Но об этом ей рассказывать не хотелось. Потому что, измученная и тяжелобольная, без гроша в кармане, она добралась до Лондона, чтобы поведать историю куда более страшную. Историю о том, как на ее глазах фашисты убили мужа и сына.
— Они пришли ночью… Я проснулась от резкого звонка и невольно посмотрела на часы. Было без двадцати три. «Кто здесь?» — спросила я. «Откройте, полиция!» Едва я повернула ключ, ворвалось человек семь. Не говоря ни слова, они устремились в спальню. Муж успел уже накинуть халат, хотел, наверное, выйти в переднюю — узнать, в чем дело. Они увидели его и тут же пристрелили. Без единого слова, понимаете?.. Хоть бы спросили о чем-нибудь!.. Все это заняло полминуты, не больше. В соседней комнате от выстрелов проснулся сын, заплакал. Двое сразу рванулись туда. Я даже рта раскрыть не успела, не то что добежать. И конец… Мне бы телом своим его закрыть… Нет, не успела! Только подумала: сейчас и меня. А они проверили, есть ли кто еще, — и бежать. Они ушли, а я осталась. И в каждой комнате по трупу: муж — в одной, сын — в другой…

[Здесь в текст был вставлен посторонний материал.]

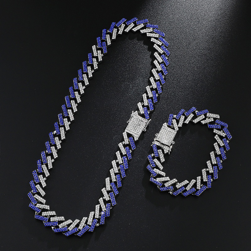 Moda Masculina Colar De Hip Hop Cadeia De Prata Azul Strass Cubano Jóias Dos Homens
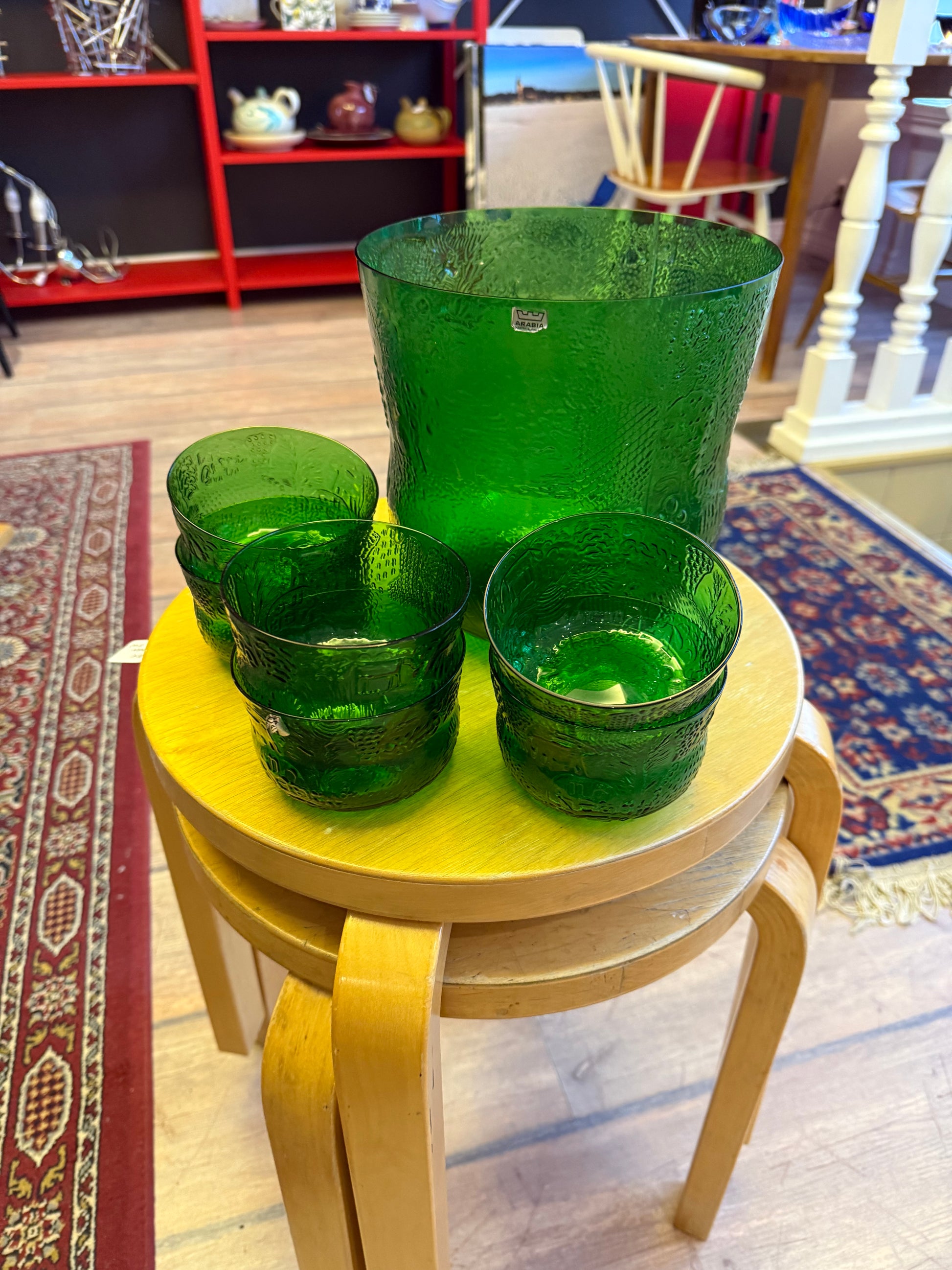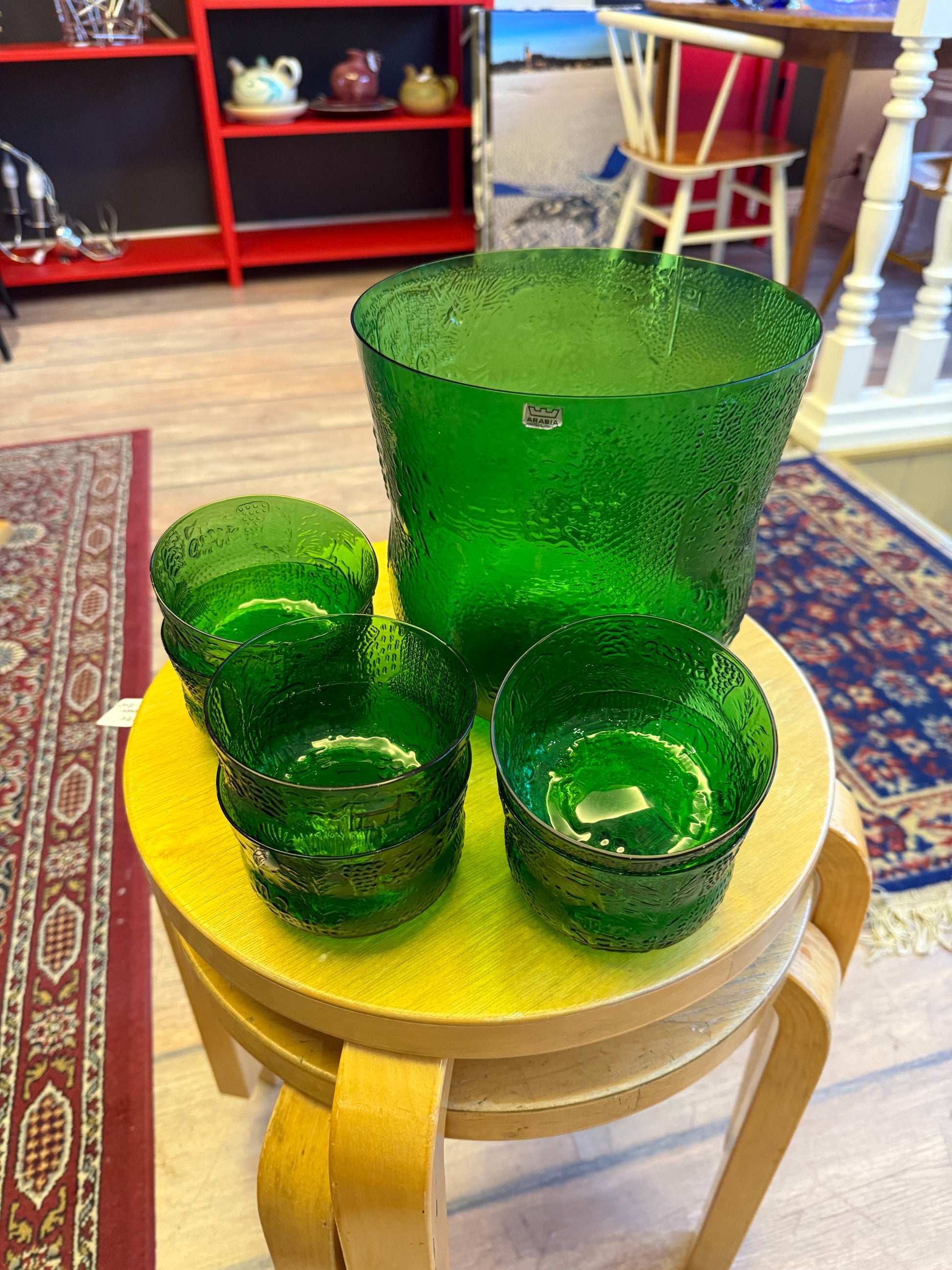 Myynnissä on iso kulho, joka on ns. boolikulho ja tilavuudeltaan neljä litraa. Kokonaisuuteen kuuluu myös kuusi kappaletta jälkiruokakulhoja'. Kaunis ja toimiva kokonaisuus vaikka joulunajan herkkujen tarjoiluun
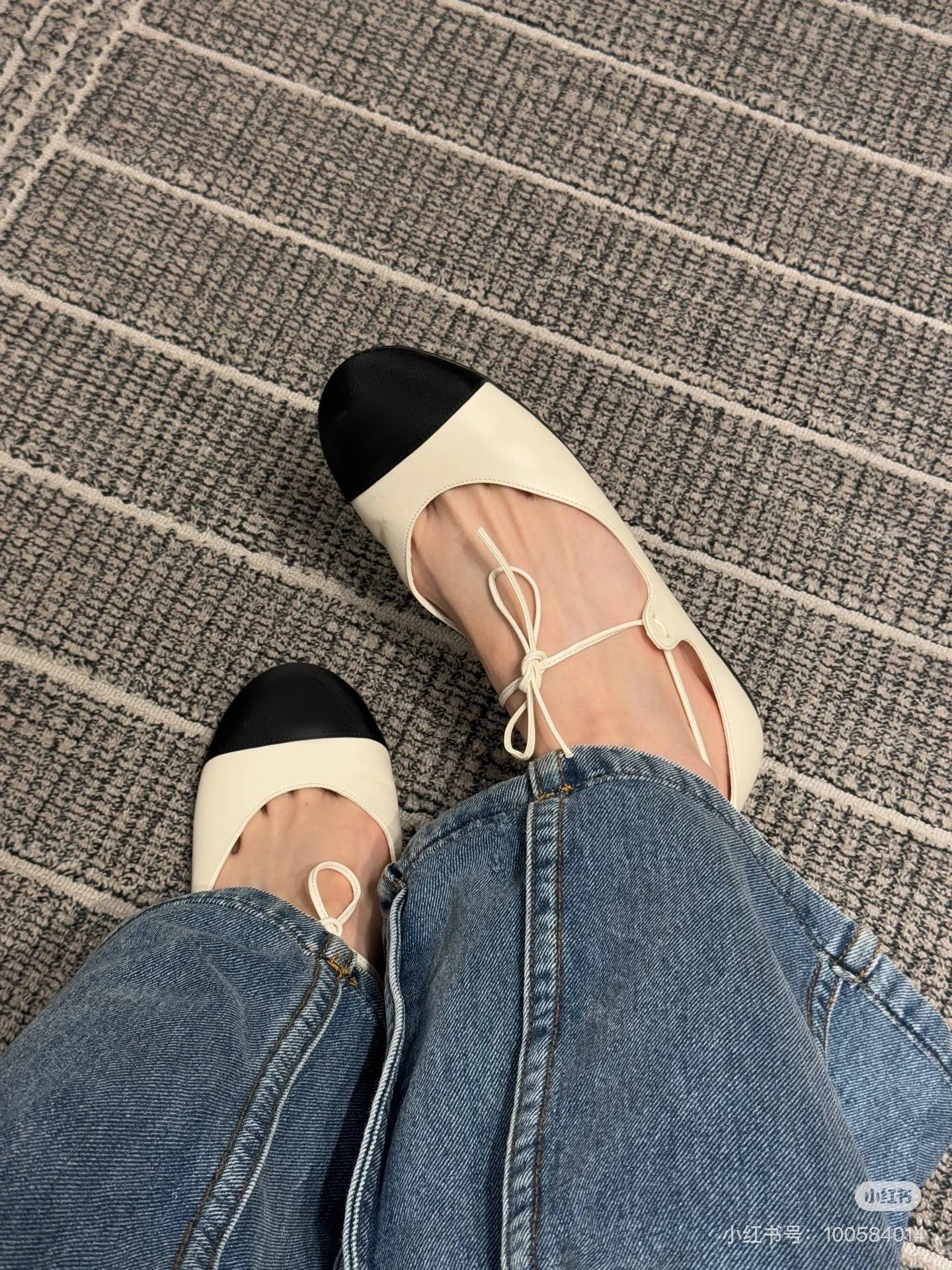봄 패션 발레 슈즈, 리본 플랫 슈즈, 프렌치 가죽 컬러 블록 스몰 프래그런스 슈즈, 양가죽 여성 슈즈스토어 가기
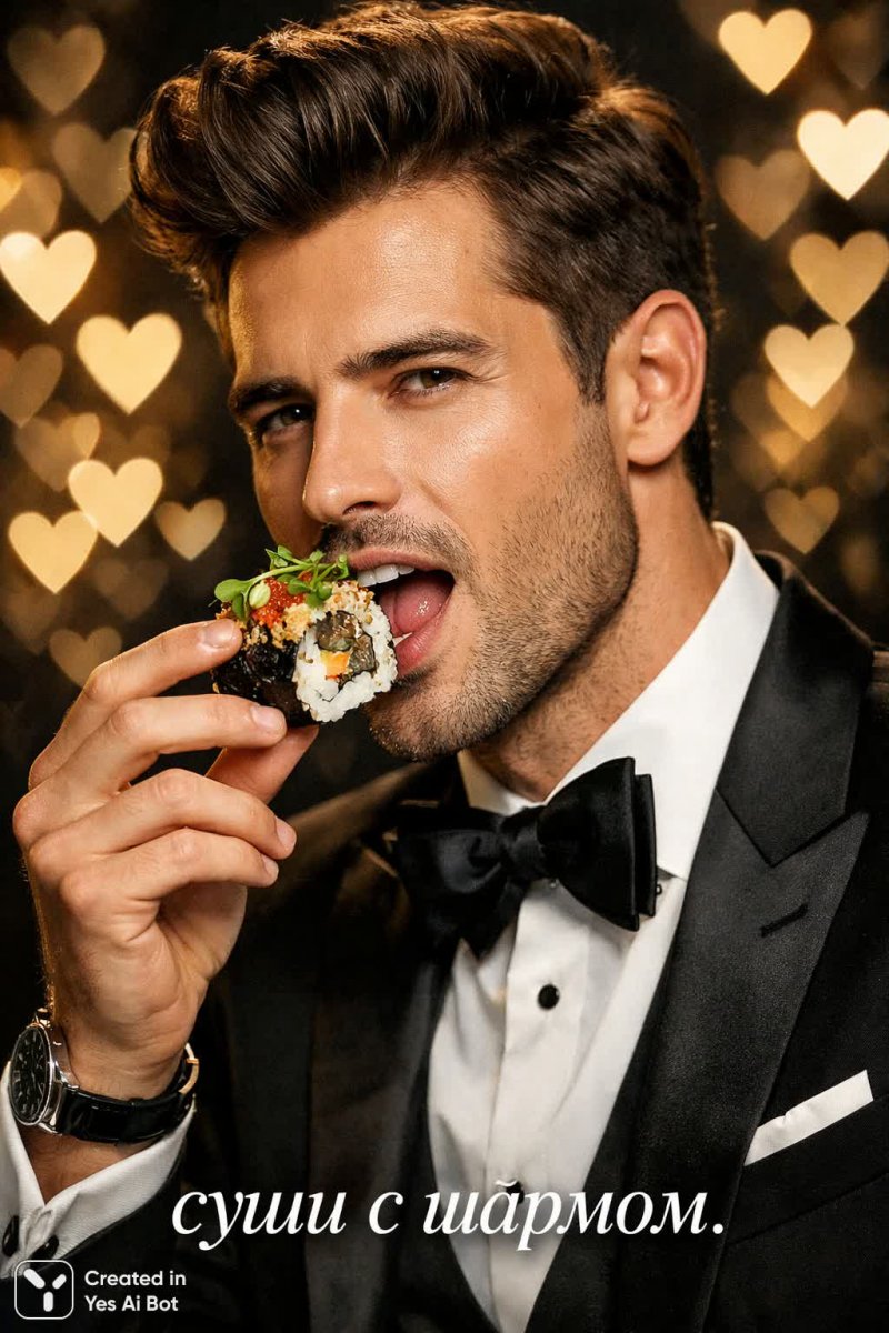 Мужчина в безупречном смокинге и галстуке-бабочке демонстрирует изысканный вкус, наслаждаясь куском восхитительного суши. Идеально ровный рулет, украшенный нежными микрозеленью, словно произведение искусства, подчеркивает утонченность момента. Игра света создает романтическую атмосферу благодаря боке в форме сердца, добавляя образу особую теплоту и чувственность. Сочетание элегантности стиля и гастрономического удовольствия делает этот кадр настоящим гимном гурману. Впечатление легкости и изысканности передается каждым движением, каждым деталью, создавая ощущение праздника и роскоши. Визуальный акцент на свежести ингредиентов и мастерстве приготовления подчеркивает ценность каждого кусочка. Этот образ – воплощение стиля, вкуса и утонченного наслаждения жизнью. Снимок излучает уверенность, элегантность и неподдельный интерес к прекрасным вещам. Это не просто еда, это ритуал, который дарит эстетическое удовольствие и заряжает позитивной энергией. Ощущение гармонии и совершенства пронизывает весь образ, создавая атмосферу утонченности и благородства

Ее не прерывали: такой рассказ прервать невозможно. И слушали бы еще. Но она замолчала, потому что добавить ей было уже нечего. Притт только спросил:
— Что это были за люди?
— У них на руках были повязки со свастикой…
— Как вы думаете, за что так расправились с вашей семьей?
— За то, что мой муж был коммунистом.
— Возможно, он участвовал когда-то в стычках с фашистами, — заметила госпожа Бакер-Норт.
Свидетельница сказала очень тихо:
— Просто он был коммунистом. Вот и все… Вмешался профессор Хюидт:
— Но они предъявили хотя бы какой-нибудь ордер?
У нее не было сил улыбнуться. Она только спросила недоуменно:
— Разве убийцы предъявляют жертве какие-то ордера?..
Имя драматурга Эрнста Толлера было известно многим из тех, кто находился в этом зале. Его пьесы ставились не только в Германии. О них одобрительно отзывались даже самые взыскательные критики. Тем ценнее были его показания — показания человека с солидной репутацией и добрым, уважаемым именем.
Фашисты старались убедить мир, что они не враги, а защитники немецкой культуры, покровители художников и поэтов. Теперь устами одного из тех, кому они «покровительствовали», говорила сама правда.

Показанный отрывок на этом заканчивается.